** What to do **
Repeat the listing that follows character for character, omitting images.

** Data **
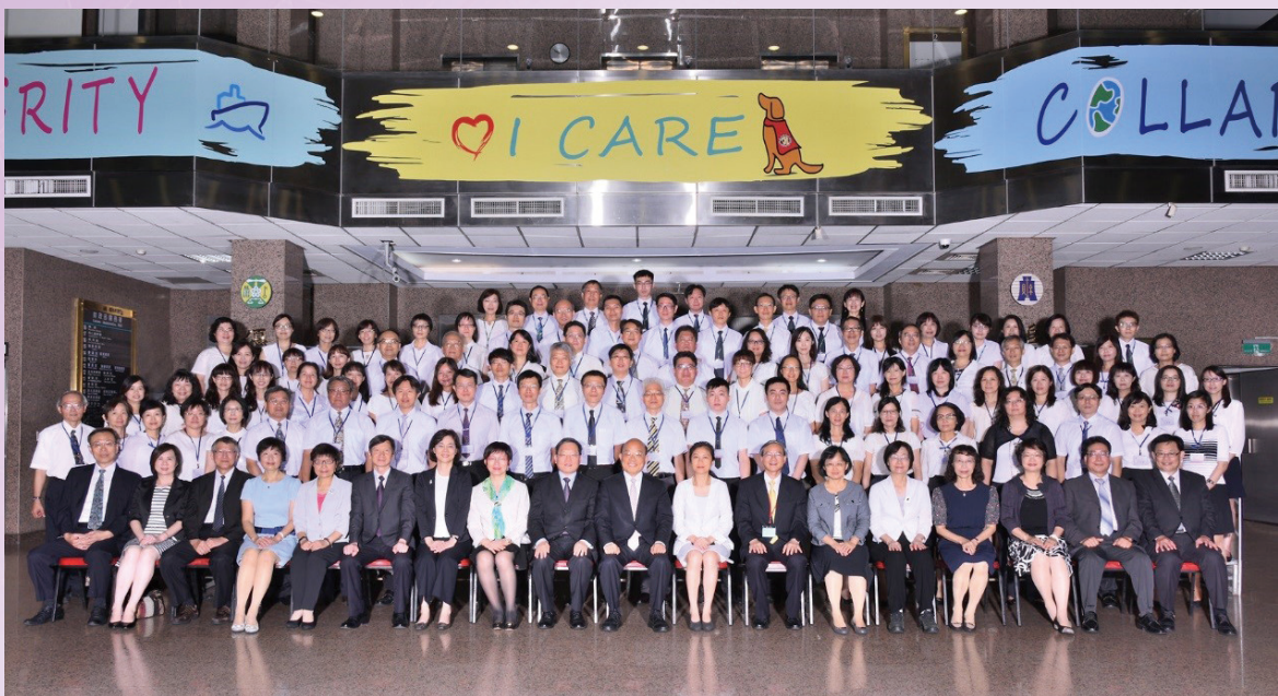
稅務節慶祝暨表揚大會合影留念

未來，財政部在稅務及關務方面，一定會秉持著院長所提到的，簡政輕稅、友善投資及防守邊境這3個原則，做好國家財政及稅關務的目的，最後，祝福今天獲得榮譽的各位，這是一生的榮耀，謝謝院長及 Kolas 發言人能夠出席今天的頒獎典禮與稅務節慶祝活動，給我們莫大的鼓舞，謝謝大家。
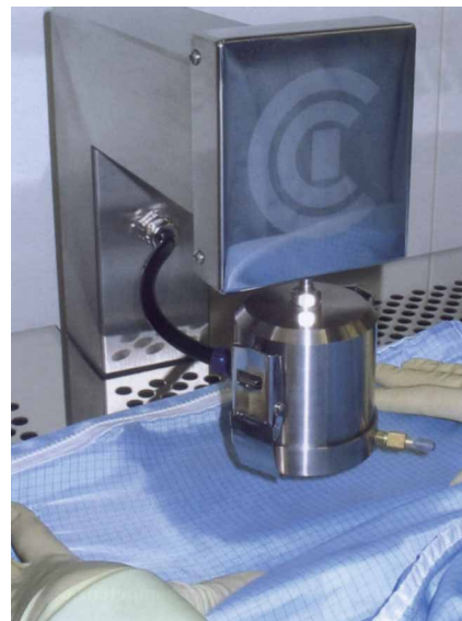
Рис. 2: Измерительная головка и одновременно зажимное приспособление: на стол кладется предмет одежды, с помощью педального выключателя замыкается измерительная головка и начинается процесс подсчета

Наличие определенного спроса со стороны промышленных предприятий привело к тому, что институт ITV Denkendorf и фирма CCI совместно разработали усовершенствованный испытательный стол, который дополнительно к уже упомянутым преимуществам обладает возможностью удобно и без складок натянуть испытуемую поверхность с помощью пневматического регулирования ножной педалью. Имеется также программное обеспечение для передачи данных измерения со счетчика на компьютер и обработки данных измерения.

** Solution for this task **
稅務節慶祝暨表揚大會合影留念

未來，財政部在稅務及關務方面，一定會秉持著院長所提到的，簡政輕稅、友善投資及防守邊境這3個原則，做好國家財政及稅關務的目的，最後，祝福今天獲得榮譽的各位，這是一生的榮耀，謝謝院長及 Kolas 發言人能夠出席今天的頒獎典禮與稅務節慶祝活動，給我們莫大的鼓舞，謝謝大家。
Рис. 2: Измерительная головка и одновременно зажимное приспособление: на стол кладется предмет одежды, с помощью педального выключателя замыкается измерительная головка и начинается процесс подсчета

Наличие определенного спроса со стороны промышленных предприятий привело к тому, что институт ITV Denkendorf и фирма CCI совместно разработали усовершенствованный испытательный стол, который дополнительно к уже упомянутым преимуществам обладает возможностью удобно и без складок натянуть испытуемую поверхность с помощью пневматического регулирования ножной педалью. Имеется также программное обеспечение для передачи данных измерения со счетчика на компьютер и обработки данных измерения.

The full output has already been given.